To investigate species‐specific differences of alpha and beta cell transcriptomes, we assessed the degree to which the previously identified differentially expressed mouse genes 7, 9 are also differentially expressed in human islets and vice versa (Appendix Fig S5). We found that the human alpha cell‐specific gene group‐specific component (vitamin D binding protein) GC and the human beta cell‐specific gene DLK1 (Fig 3D) displayed opposite expression patterns as to what had been reported in mouse islet cells. To confirm the cell type‐specific expression of DLK1 and GC, we performed immunofluorescence staining on both human and mouse pancreatic tissue sections. In human islets, DLK1 was specifically expressed only in insulin‐positive cells (Fig 3E), whereas this protein was observed in glucagon‐positive cells in mouse tissue (Fig 3F). Similarly, GC expression showed alpha cell specificity in human tissues (Fig 3G), whereas it was co‐expressed with insulin in mouse tissues (Fig 3H).
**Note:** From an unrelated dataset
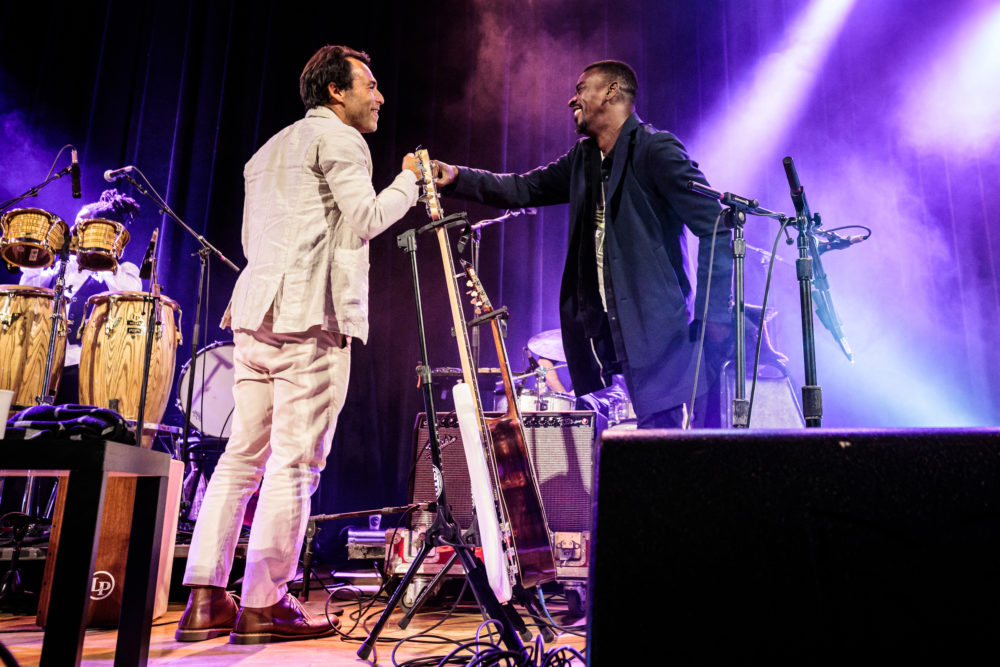 Then on to Seu Jorge and Rogé. After 25 years of friendship, they have recorded together for the first time: a whirlwind, four-day, direct-to-disc session in the Netherlands. Rogé played the tenor Caetano Veloso to Jorge's baritone Gilberto Gil, trading instruments and proving worthy heirs to their MPB forebears. Although nominated for a Latin Grammy, Rogé is probably less known in America, but his fleet guitar playing, particularly on the songs he played solo, had the crowd eating from the palm of his hand.

These results suggest that two of the most differentially expressed cell type‐specific marker genes for human alpha and beta cells have opposite expression patterns in mouse islets.

Pancreatic islets comprise different cell types with characteristic transcriptomes, which confounds transcriptome studies that focus on whole pancreatic islets in physiological and pathological conditions. Lineage‐labeled transgenic mice have made it possible to obtain transcriptomes for highly pure alpha and beta cell populations in mouse. For human islets, however, cell type‐specific enrichment strategies depend on the availability of specific antibodies. Efforts have been made to measure the transcription of individual genes in single human islet cells by qRT–PCR 22, but our dataset is the first to provide genomewide transcriptional information of human islets at single‐cell resolution. Using single‐cell data, we also for the first time defined the transcriptomes of human delta cells and PP cells, thereby providing reference transcriptomes for all major endocrine cell types in human pancreatic islets.

We illustrated the practical utility of our resource and dataset by three case studies. First, after confirming the cell type specificity of the major transcription factors involved in pancreatic endocrine lineage determination, we identified transcripts encoding transcription factors expressed in islet cells. These include the pan‐endocrine marker MORF4L1, alpha cell‐specific IRX2, beta cell‐specific BMI1, and PP cell‐specific MEIS1 and ETV1. These data can provide the basis for future functional studies in the roles of these transcription factors in the pancreas and in diabetes.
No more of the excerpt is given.